The data below were collected using a radar gun to record the speed of bike riders at the bottom of a steep hill in northwest Gainesville. Sorry about the spilled BBQ sauce.

1) If all you had were the mean (18.21) and standard deviation (5.86) of the data set, how would you use them to say something about the speed of all bike riders at the bottom of the hill?

I would choose a few values of interest (speed limit, 5 miles an hour, 10 miles an hour, 20 miles an hour, 30 miles an hour) and compute a probability that a biker was exceeding that speed. For example, using statpad, The probability that a normal random variable with mean 18.21 and standard deviation 5.86 is greater than 5 is: 0.987910287, and The probability that a normal random variable with mean 18.21 and standard deviation 5.86 is greater than 30 is: 0.022112847.

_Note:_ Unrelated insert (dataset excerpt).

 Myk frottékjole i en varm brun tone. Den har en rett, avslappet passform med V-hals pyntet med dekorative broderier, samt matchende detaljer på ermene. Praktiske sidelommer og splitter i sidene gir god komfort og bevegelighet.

Alternately, we could pick a range of speeds and compute the probability a biker is inside or outside that range. For example, The probability that a normal random variable with mean 18.21 and standard deviation 5.86 is between 10 and 20 is: 0.539388906.

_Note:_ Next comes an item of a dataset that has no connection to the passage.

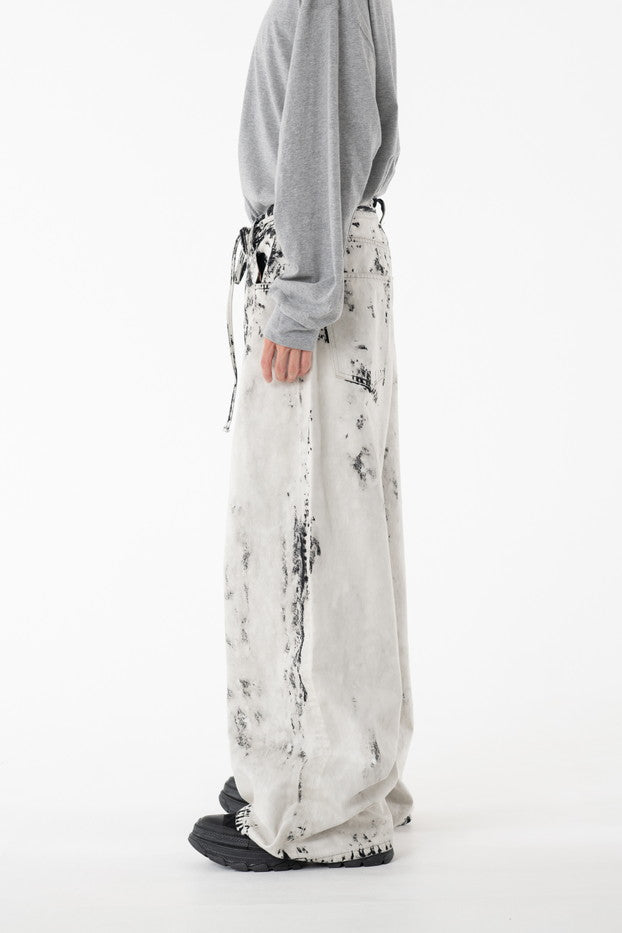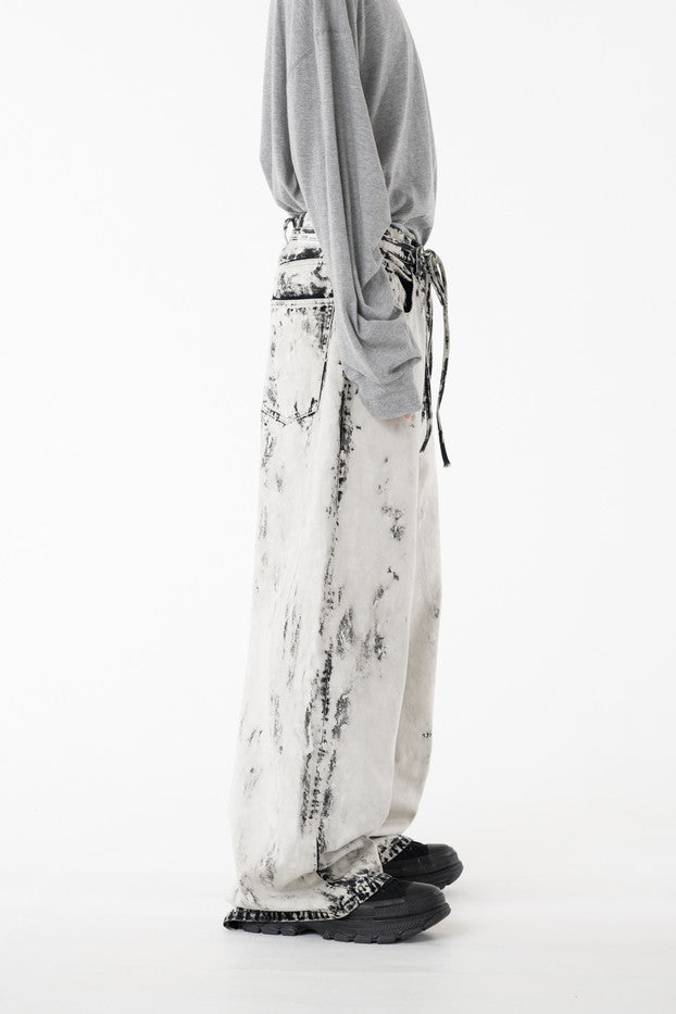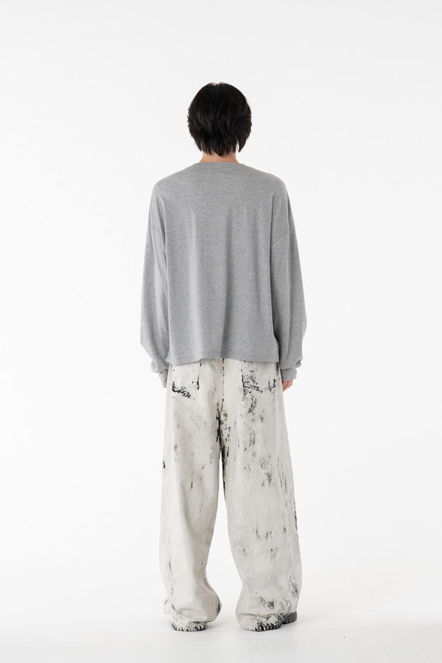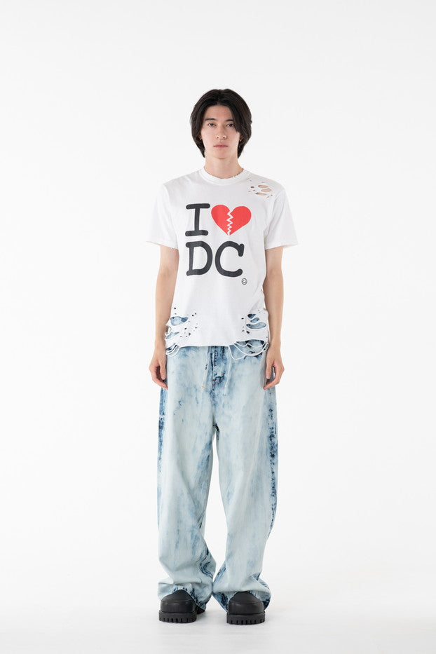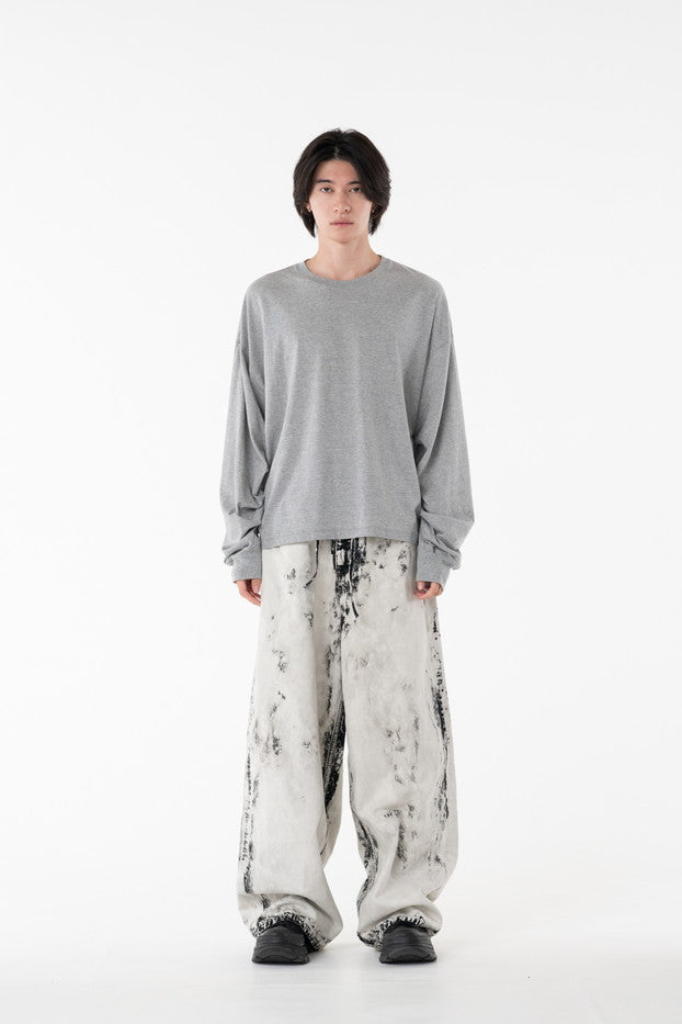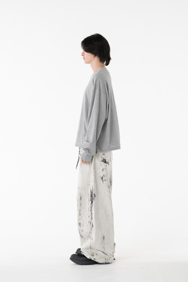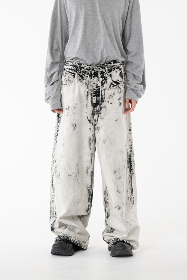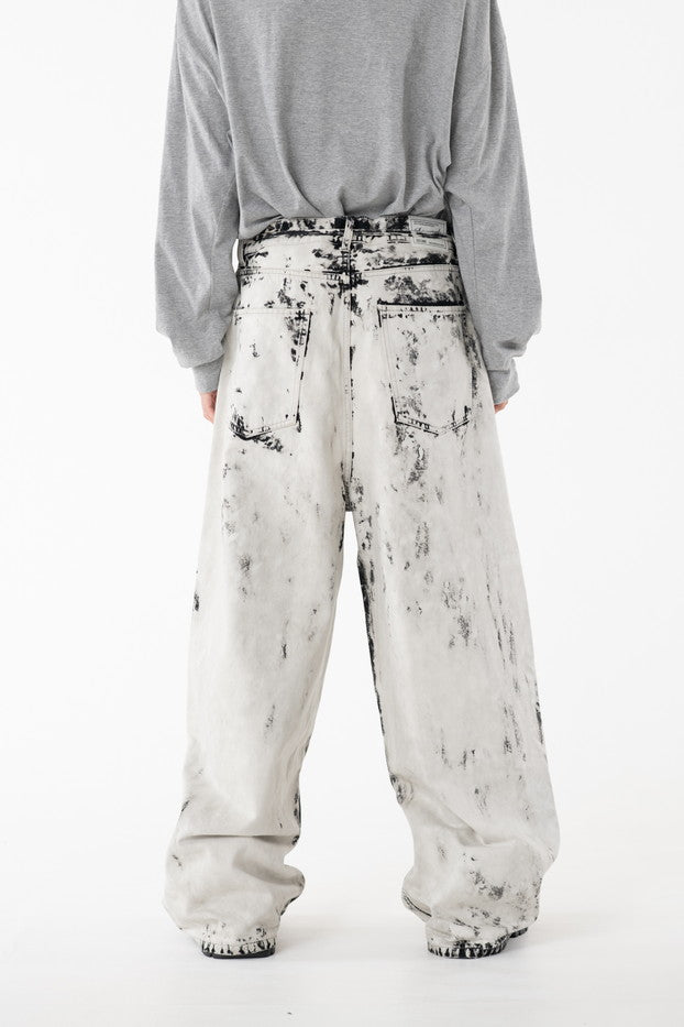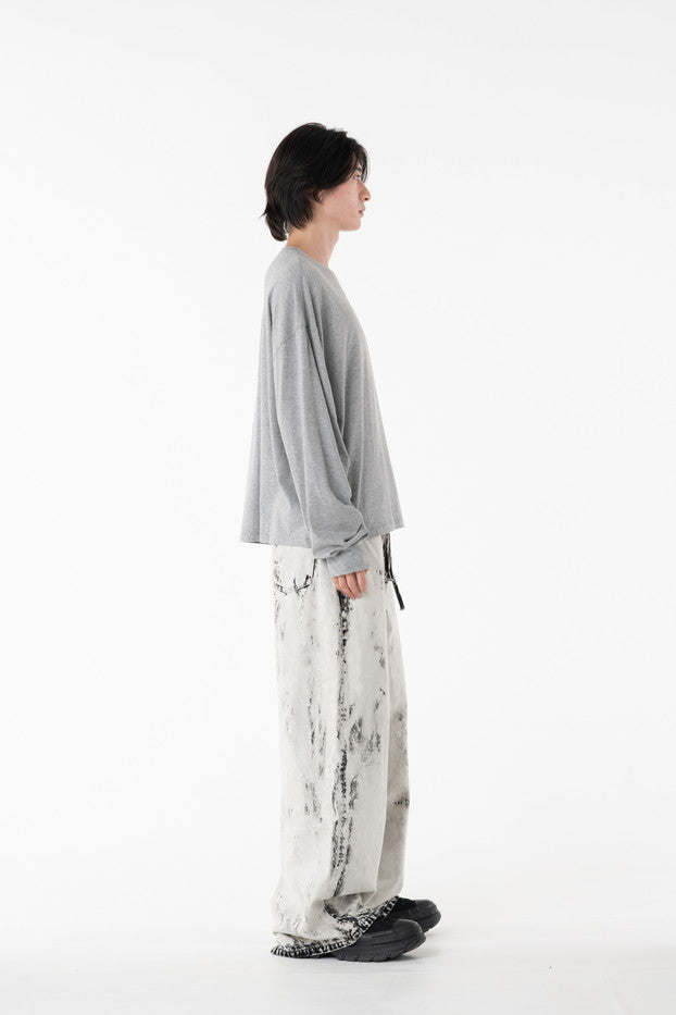 12ozの縦⽷✖ムラ⽷の凹凸感が出やすい素材を使⽤ したデニムパンツ。今の気分を反映さえたバギーシルエットとバランスの取れたブリーチ加工がインパクト大なアイテム。

2) For the sample above, would any of the values be considered outliers? (You obviously have to first decide what you can consider an outlier.)

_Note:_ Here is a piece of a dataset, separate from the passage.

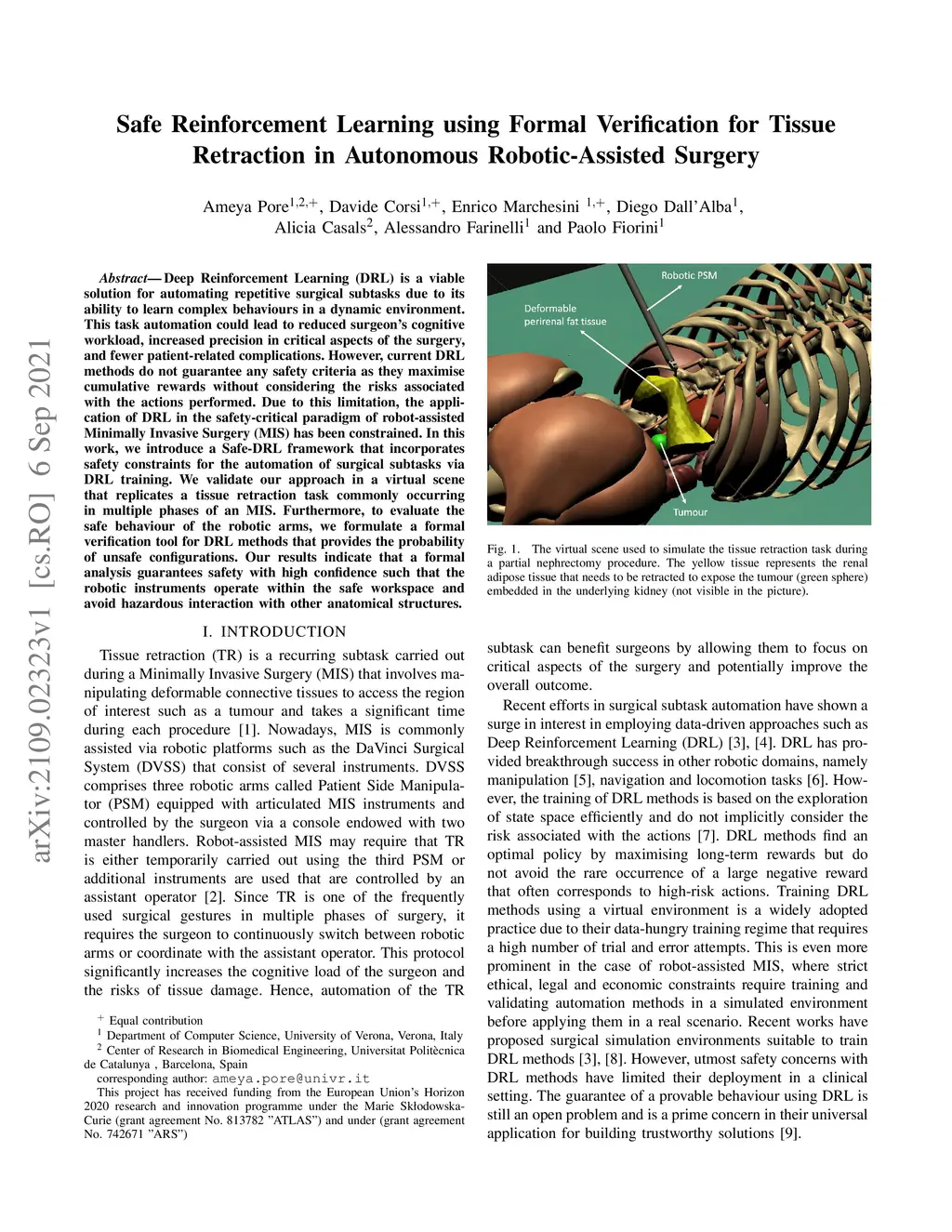 Deep Reinforcement Learning (DRL) is a viable solution for automating repetitive surgical subtasks due to its ability to learn complex behaviours in a dynamic environment. This task automation could lead to reduced surgeon's cognitive workload, increased precision in critical aspects of the surgery, and fewer patient-related complications. However, current DRL methods do not guarantee any safety criteria as they maximise cumulative rewards without considering the risks associated with the actions performed. Due to this limitation, the application of DRL in the safety-critical paradigm of robot-assisted Minimally Invasive Surgery (MIS) has been constrained. In this work, we introduce a Safe-DRL framework that incorporates safety constraints for the automation of surgical subtasks via DRL training. We validate our approach in a virtual scene that replicates a tissue retraction task commonly occurring in multiple phases of an MIS. Furthermore, to evaluate the safe behaviour of the robotic arms, we formulate a formal verification tool for DRL methods that provides the probability of unsafe configurations. Our results indicate that a formal analysis guarantees safety with high confidence such that the robotic instruments operate within the safe workspace and avoid hazardous interaction with other anatomical structures.

First, I’d use the formula from the book to determine what would be an outlier. A number larger than Upper Quartile + 1.5(Upper Quartile – Lower Quartile) would be considered an outlier and a number smaller than Lower Quartile - 1.5(Upper Quartile – Lower Quartile) would be considered an outlier. Plugging in the information, we’d get 21.25 + 1.5(21.25 – 17.05) = 27.55 and 17.05 - 1.5(21.25 – 17.05) = 10.75.

With this definition, the first three observations (5.6, 8.1, 9.0) would be considered outliers. Perhaps these riders breaked on the way down the hill.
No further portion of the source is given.